From: Jiri Slaby <jirislaby@kernel.org>
To: Peter Zijlstra <peterz@infradead.org>, Thomas Gleixner <tglx@kernel.org>
Cc: "Matthieu Baerts" <matttbe@kernel.org>,
"Stefan Hajnoczi" <stefanha@redhat.com>,
"Stefano Garzarella" <sgarzare@redhat.com>,
kvm@vger.kernel.org, virtualization@lists.linux.dev,
Netdev <netdev@vger.kernel.org>,
rcu@vger.kernel.org, "MPTCP Linux" <mptcp@lists.linux.dev>,
"Linux Kernel" <linux-kernel@vger.kernel.org>,
"Shinichiro Kawasaki" <shinichiro.kawasaki@wdc.com>,
"Paul E. McKenney" <paulmck@kernel.org>,
"Dave Hansen" <dave.hansen@linux.intel.com>,
"luto@kernel.org" <luto@kernel.org>,
"Michal Koutný" <MKoutny@suse.com>,
"Waiman Long" <longman@redhat.com>
Subject: Re: Stalls when starting a VSOCK listening socket: soft lockups, RCU stalls, timeout
Date: Thu, 5 Mar 2026 08:00:15 +0100 [thread overview]

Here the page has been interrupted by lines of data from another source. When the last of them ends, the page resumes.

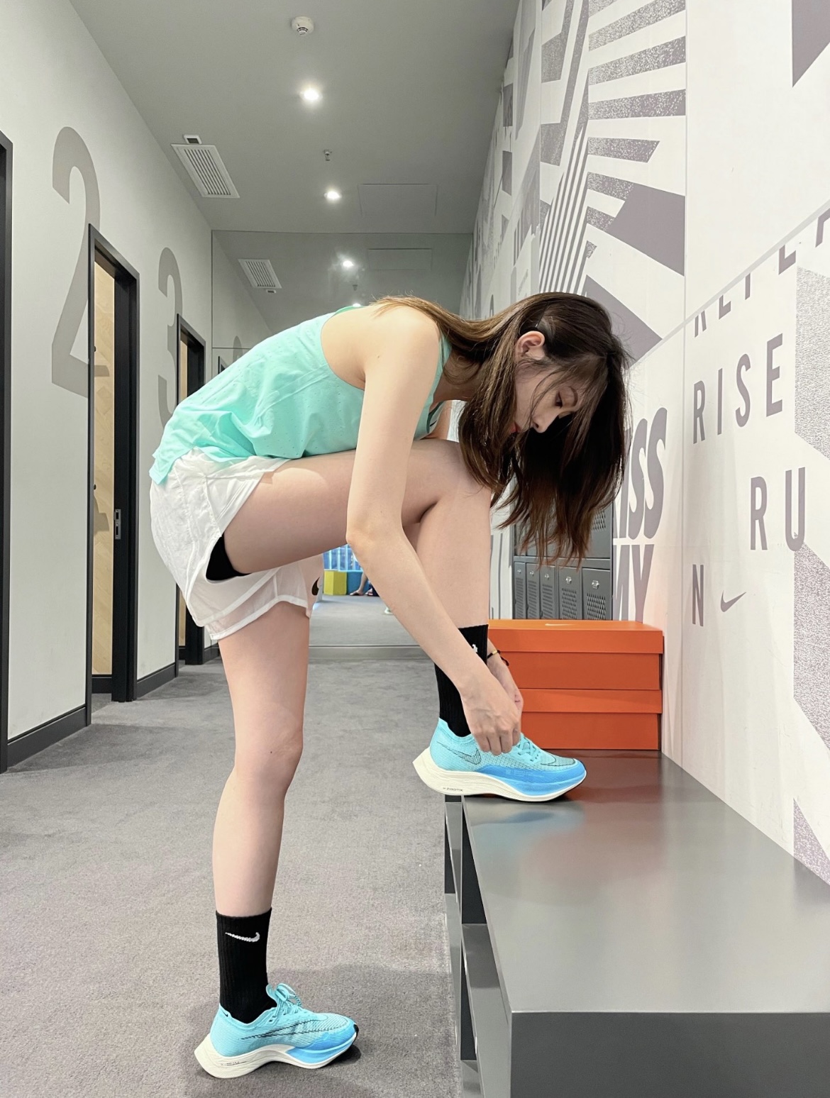 穿搭分享 上身:Nike AeroSwift 透气速干运动跑步无袖背心 下身:白色短裤 鞋:蓝色运动鞋 背心颜色很好看显得很白,运动背心超级好看运动穿正好,推荐推荐 图片来源于网络
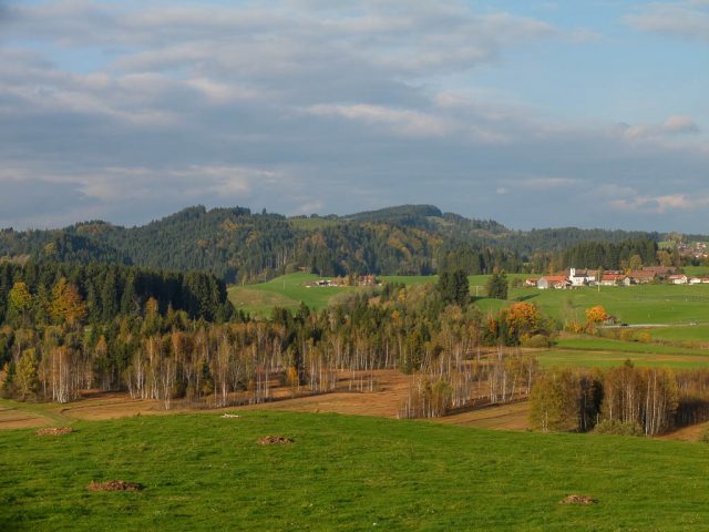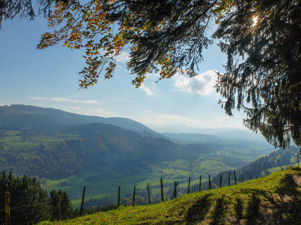 Dem ist nichts mehr hinzuzufügen! Nachmittags wandere ich zusammen mit Guido auf den Kapf bzw. um den Kapf herum. Die Streckenlänge beträgt ungefähr 10 Kilometer. Der Blick auf die Nagelfluhkette während des Aufstiegs zum Kapf: Das Weissachtal vom Gipfel des Kapfs aus gesehen: Die Weiden von Berg: Das Naturschutzgebiet Moos bei Oberstaufen: Genuss gibt es aber nicht nur für die Augen, auch der Gaumen kommt auf seine Kosten: Hagebutten, Himbeeren, Samenmäntel einer Eibe, Brennnesselspitzen, Blüten des Orangeroten Habichtskrauts, Salatblätter und ein kleines Stück roter Rettich bilden ein wildes Allerlei. Bilder der drei letztgenannten Leckereien: Salat und roter Rettich wachsen am Waldrand in dem wilden Garten, den ich schon ein paar Mal erwähnt habe. Das gibt es sonst noch so zum Essen:
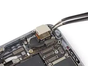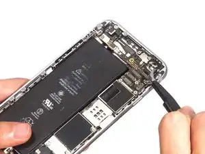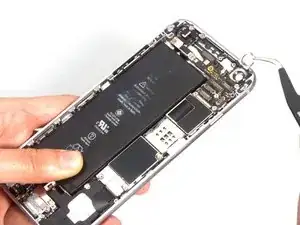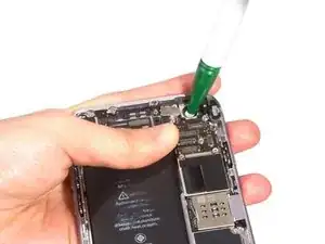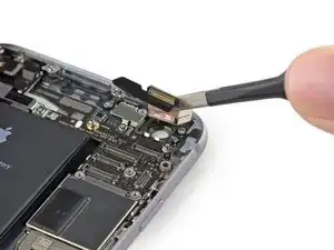 Удалите металлическое крепление разъема аккумулятора из iPhone.
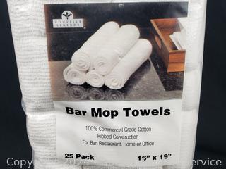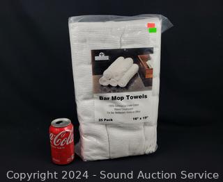 Lot #0227: 25pk White Cotton Bar Mop 16" x 19" Towels

Message-ID: <717310d8-6274-4b7f-8a19-561c45f5f565@kernel.org> (raw)
In-Reply-To: <20260302114636.GL606826@noisy.programming.kicks-ass.net>
On 02. 03. 26, 12:46, Peter Zijlstra wrote:
> On Mon, Mar 02, 2026 at 06:28:38AM +0100, Jiri Slaby wrote:
>
>> The state of the lock:
>>
>> crash> struct rq.__lock -x ffff8d1a6fd35dc0
>> __lock = {
>> raw_lock = {
>> {
>> val = {
>> counter = 0x40003
>> },
>> {
>> locked = 0x3,
>> pending = 0x0
>> },
>> {
>> locked_pending = 0x3,
>> tail = 0x4
>> }
>> }
>> }
>> },
>>
>
>
> That had me remember the below patch that never quite made it. I've
> rebased it to something more recent so it applies.
>
> If you stick that in, we might get a clue as to who is owning that lock.
> Provided it all wants to reproduce well enough.

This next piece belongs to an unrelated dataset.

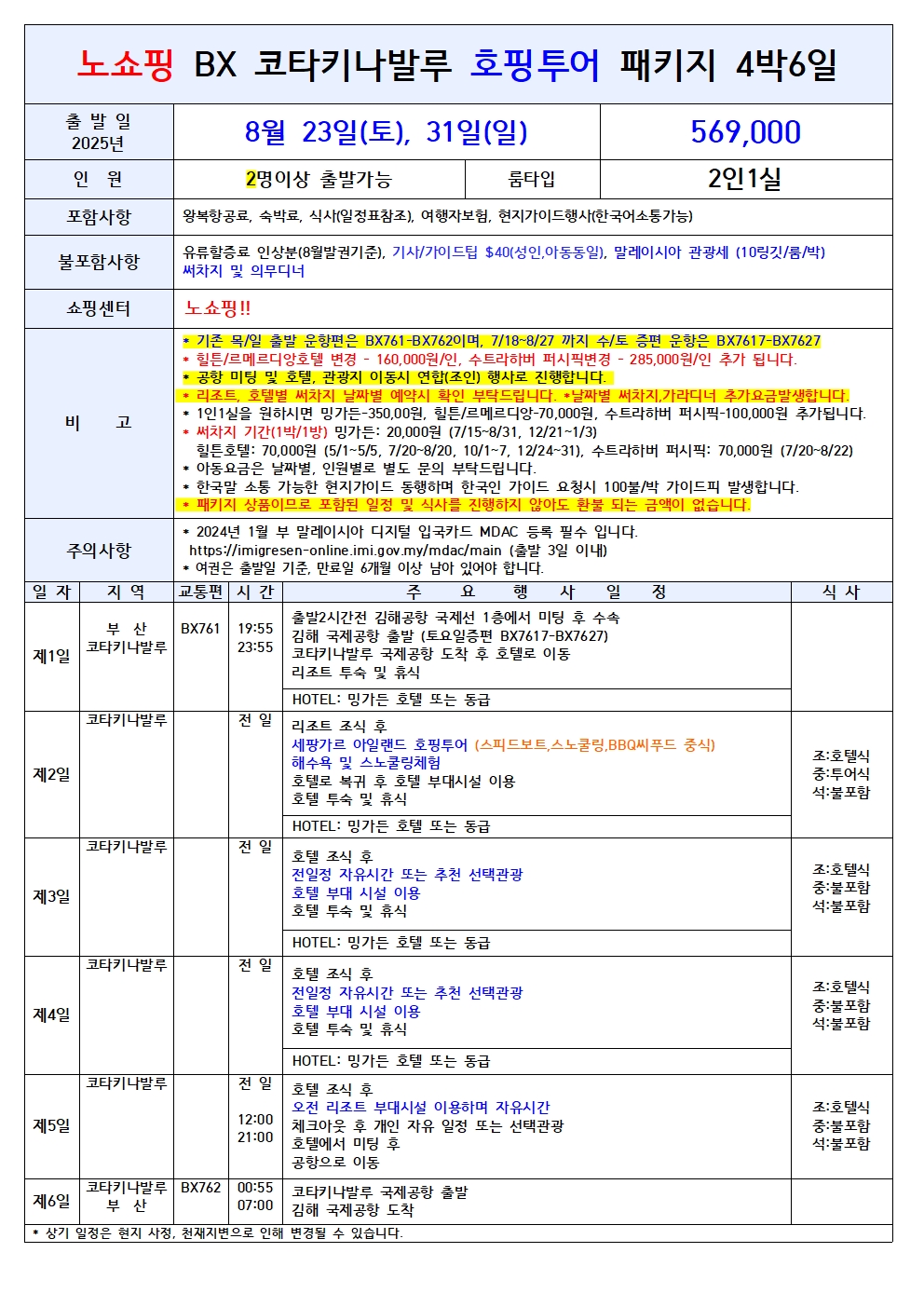 🔥선착순특가/집중모객🔥[부산출발] 코타키나발루 호핑투어 노쇼핑

Thanks, I applied it, but to date it is still not accepted yet:
https://build.opensuse.org/requests/1335893
In the meantime, me and Michal K. did some digging into qemu dumps.

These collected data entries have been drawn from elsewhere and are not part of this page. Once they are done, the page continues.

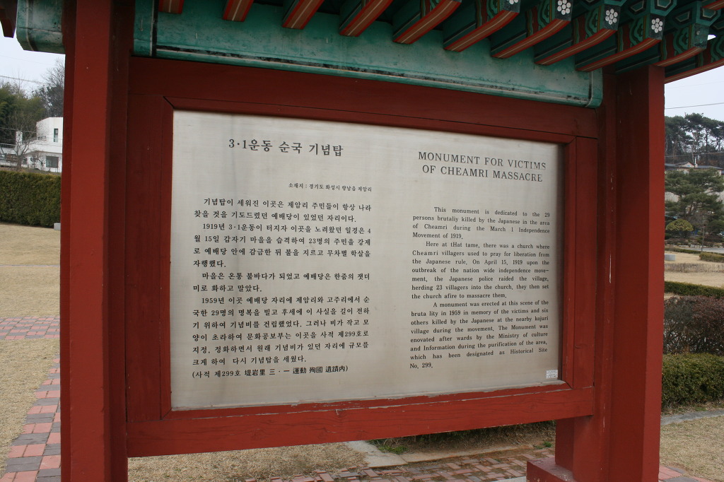 - 제암리~고주리~수촌리 등 화성지역의 삼일운동 사적지를 연결하는 화성삼일운동 순례길 만들어야
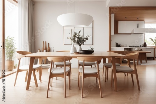 Scandinavian interior home design of modern dining room with chairs and wooden dining table with wooden furniture near the window
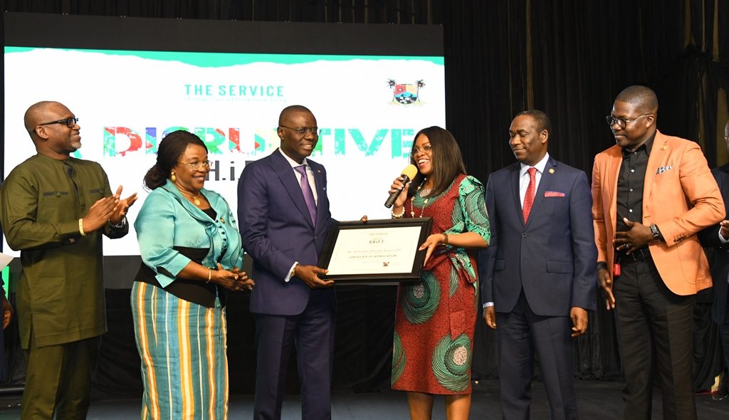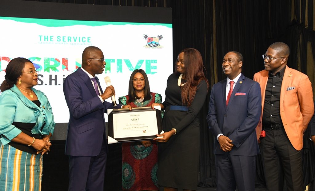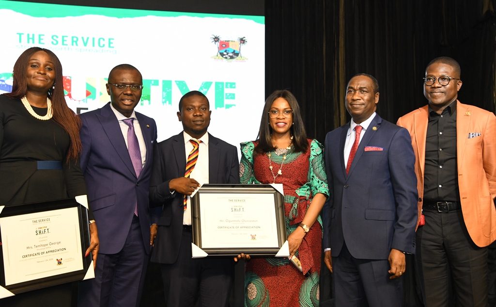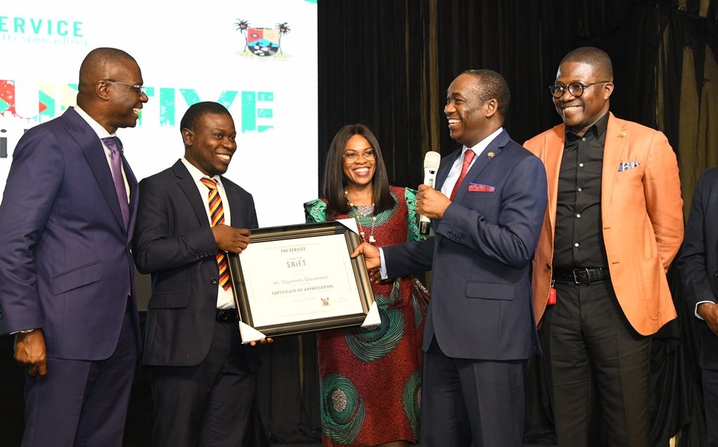 L-R: Knowledge SHiFTER, Mrs. Temitope George; Lagos State Governor, Mr. Babajide Sanwo-Olu; Innovator SHiFTER, Mr. Ogunmolu Oluwaseun; Commissioner for Establishments, Training and Pensions, Mrs. Ajibola Ponnle; Deputy Governor, Dr. Obafemi Hamzat and Head of Service, Mr. Hakeem Muri-Okunola
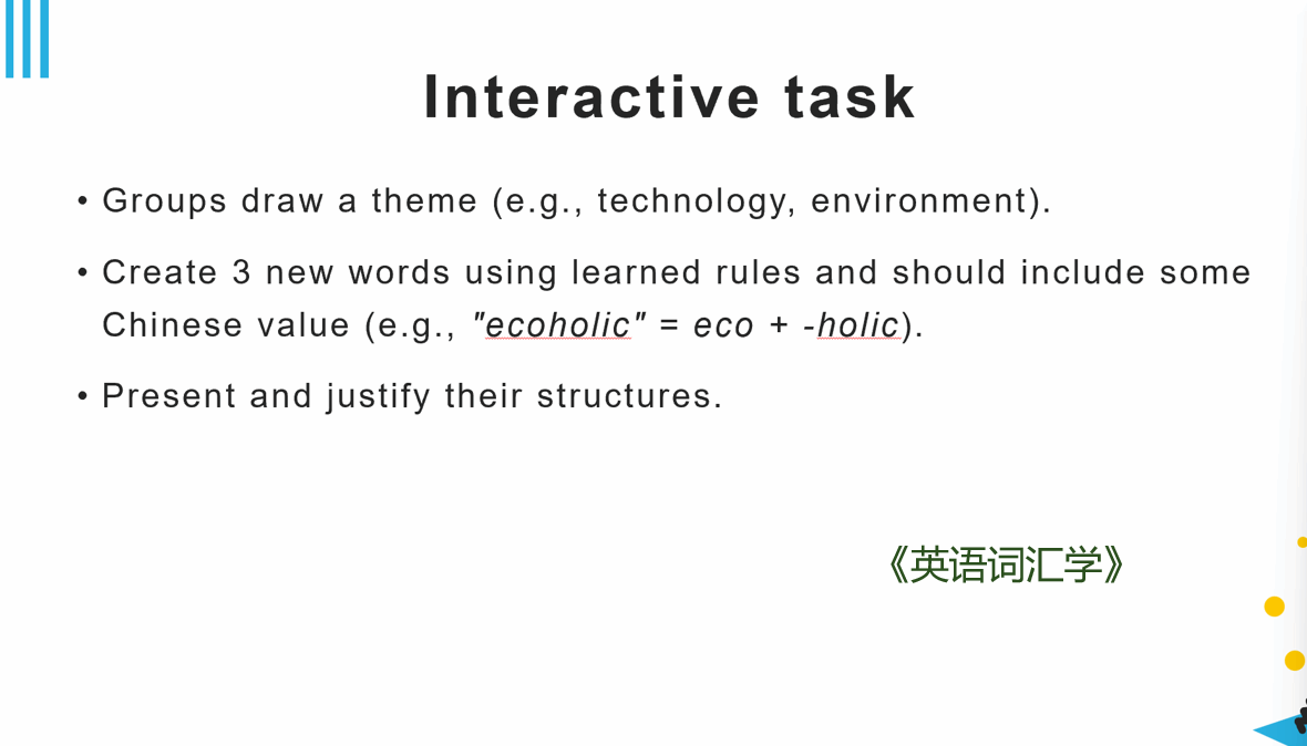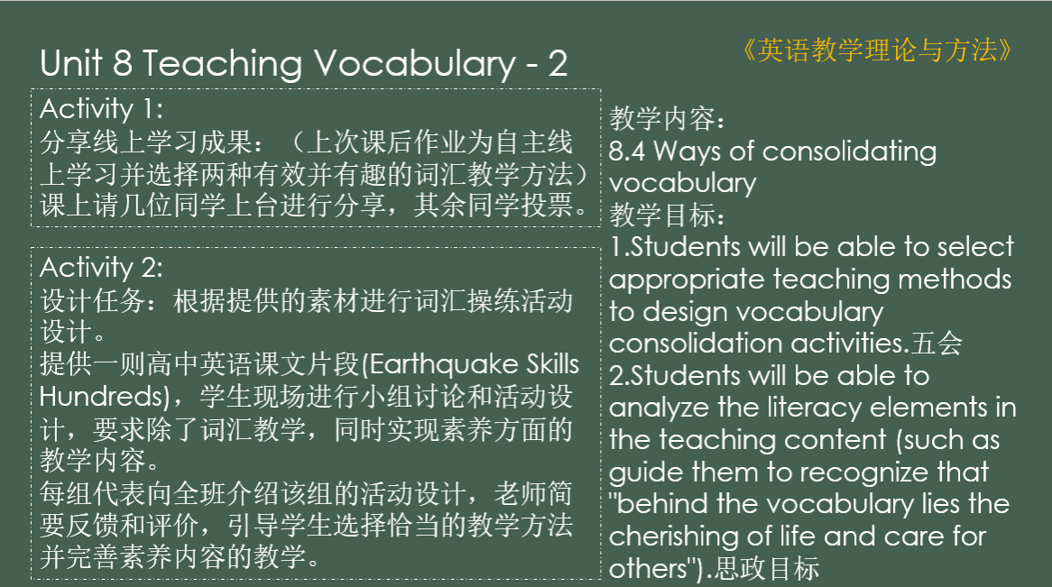 随后,李珮媛老师展示了《英语词汇学》的教学大纲、教学日历和教案。她介绍到,课程通过丰富的活动帮助学生完成知识点的记忆与理解,例如在讲解 “自由词素”“黏着词素” 时,通过分类和举例融入思政内容。邓慧琳老师听完分享后,对线下活动的丰富度和趣味性表示赞同,同时探讨了线上学习的设计方式,包括如何进一步实现思政目标以及保证学生线上学习的效率。宋怡晓老师也表示,从该课程中学习到了思政融合以及评价方法,还有复习和预习任务的布置方式。

Details at (and a couple previous comments):
https://bugzilla.suse.com/show_bug.cgi?id=1258936#c17
tl;dr:
In one of the dumps, one process sits in
context_switch
-> mm_get_cid (before switch_to())
> 65 kworker/1:1 SP= 0xffffcf82c022fd98 -> __schedule+0x16ee
(ffffffff820f162e) -> call mm_get_cid
Michal extracted the vCPU's RIP and it turned out:
> Hm, I'd say the CPU could be spinning in mm_get_cid() waiting for a
free CID.
> ...
> ffff8a88458137c0: 000000000000000f 000000000000000f
> ^
> Hm, so indeed CIDs for all four CPUs are occupied.
To me (I don't know what CID is either), this might point as a possible
culprit to Thomas' "sched/mmcid: Cure mode transition woes" [1].
Funnily enough, 47ee94efccf6 ("sched/mmcid: Protect transition on weakly
ordered systems") spells:
> As a consequence the task will
> not drop the CID when scheduling out before the fixup is
completed, which
> means the CID space can be exhausted and the next task scheduling
in will
> loop in mm_get_cid() and the fixup thread can livelock on the
held runqueue
> lock as above.
Which sounds like what exactly happens here. Except the patch is from
the series above, so is already in 6.19 obviously.
I noticed there is also a 7.0-rc1 fix:
1e83ccd5921a sched/mmcid: Don't assume CID is CPU owned on mode switch
But that got into 6.19.1 already (we are at 6.19.3). So does not improve
the situation.
Any ideas?
[1] https://lore.kernel.org/all/20260201192234.380608594@kernel.org/
thanks,
--
js
suse labs
next prev parent reply other threads:[~2026-03-05 7:00 UTC|newest]
Thread overview: 45+ messages / expand[flat|nested] mbox.gz Atom feed top
2026-02-06 11:54 Stalls when starting a VSOCK listening socket: soft lockups, RCU stalls, timeout Matthieu Baerts
2026-02-06 16:38 ` Stefano Garzarella
2026-02-06 17:13 ` Matthieu Baerts
2026-02-26 10:37 ` Jiri Slaby
2026-03-02 5:28 ` Jiri Slaby
2026-03-02 11:46 ` Peter Zijlstra
2026-03-02 14:30 ` Waiman Long
2026-03-05 7:00 ` Jiri Slaby [this message]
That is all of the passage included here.